Uma crônica sobre o estilo musical que tomou conta do país.

A certeza imaginária

Uma reflexão sobre os comportamentos de quem encontrou a pessoa certa.

Magnólia

Três histórias surpreendentes em que todas acontecem no Edifício Magnólia no Rio de Janeiro.

Pais e Filhos

Um retrato de quem passou para a fase adulta sem esquecer dos valores de infância.

Dormindo com o inimigo

A violência contra a mulher é o tema principal deste artigo.

Último Grão

Agora que não tenho mais insônia nem uso mais remédios para dormir, as coisas parecem com vontade de voltar ao eixo, me fazendo querer recuperar cada segundo passado débil e futilmente, para que essa minha existência tenda a continuar caminhando ridiculamente. E assim, sem nenhuma razão aparente, consigo agora olhar adiante e notar um pontinho de luz no final desse breu. Não sei nomear este tipo de sensação. Mas é algo que reanima e conforta. Que me faz ver que tudo que precisamos para tapar buracos está bem perto, quase ao alcance da nossa mão. Buracos. Os buracos da solidão. Esses dias me perguntaram se eu não me sentia muito sozinho em todas essas viagens que faço por esse mundão de meu Deus. Sinto e não me sinto. Não dá para traduzir em palavras algumas sensações. É o mesmo que tentar explicar um sabor agridoce para alguém sem paladar. A verdade é que apesar de viajar sozinho quase sempre, onde quer que eu esteja sempre estou conhecendo gente nova. Sempre dou um jeitinho de me enturmar em qualquer ambiente, e isso não me faz sentir sozinho. Hoje por exemplo, resolvi conhecer um lugar diferente. É um templo oriental cercado por hectares e mais hectares de área verde, bem aqui em São Paulo. Logo vieram os comentários peculiares: “Não sei como você consegue ir para esses lugares sozinho”. Nem ligo mais e no final do passeio ainda conheci um casal muito gente boa. Às vezes as oportunidades estão aí na nossa frente e nem sequer vemos. Nunca deixo de viver uma experiência ou conhecer lugares novos e diferentes por medo do desconhecido ou por não ter uma companhia do lado. É preciso viver o hoje, o agora, pois o amanha está muito longe e pode nem chegar. Nossa existência passa rápido demais, para ficarmos dando tanta ênfase a minúcias. Existe tanto de bom, que não vale a pena se descabelar com a parte ruim.

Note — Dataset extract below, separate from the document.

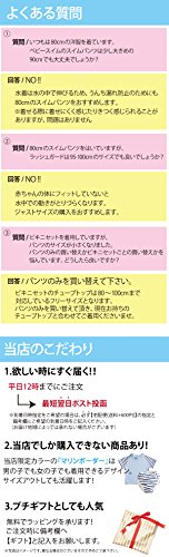 お肌にやさしい防水素材でできた、赤ちゃん用の水遊び用おむつパンツと伸縮性抜群な、お揃いのラッシュガードのセット☆ 使い捨ての紙製スイムパンツとは違い、繰り返し洗って使えるので経済的かつエコ! 二重股立体ギャザーなので、体にフィットしてとっさのウンチ(固形)も安心です。 ※使用上の注意※ ・尿やゆるめのウンチの流れ出しは完全に防げません。 ・吸水層は付いていませんので水遊びパンツが水分や尿を吸水することはできません。おむつカバーとしてご使用されたいときは必ず布おむつをご併用ください。 首回りも包むハイネックのTシャツタイプの半袖ラッシュガードは、前開きのファスナー等がないので お腹への負担がありません。 胴部・背部・首回りは新素材「デュアルマジック」を使用! 通気性がよく、生地表面は撥水、裏面は吸水機能があり生地の濡れ感やプール上がりの冷え感を軽減します! ★セット内容:80cm→スイムパンツ80㎝+ラッシュガード80-90cm、90cm→スイムパンツ90㎝+ラッシュガード80-90cm、100cm→スイムパンツ100㎝+ラッシュガード95-100cm ★サイズ:パンツ 80cm(ウエスト34~44cm、もも周り25~30cm)、90cm(ウエスト36~46cm、もも周り26~31cm)、100cm(ウエスト40~50cm、もも周り27~32cm) 、ラッシュ:80-90cm(総丈-34cm、身幅-26cm)、95-100cm(総丈-36cm、身幅-28cm) ★素材:パンツ ポリエステル100%(裏生地防水フィルムラミネート加工)、ラッシュ:無地:ポリエステル90%綿10% 袖:ポリエステル100% ★日本製

Esses dias atrás acordei bem cedo e fui fazer um passeio. Coloquei roupa bonita, me preparei, fiz um longo trajeto até chegar. Quando cheguei, o lugar estava fechado. A quase todos para quem contei isso me deram o mesmo veredicto: “que merda!”. Merda coisíssima nenhuma. Tudo é questão de saber ver as coisas por um outro ponto de vista. O lugar estava fechado, mas a estrada tinha uma vista tão bonita e tocava aquela música Último Grão, da Isabela Taviani que só isso já valeu o passeio. Aproveitei o dia para fazer uma seção de energização espiritual e voltei pra casa. Um dos melhores passeios frustrados que já fiz até hoje. Maravilha.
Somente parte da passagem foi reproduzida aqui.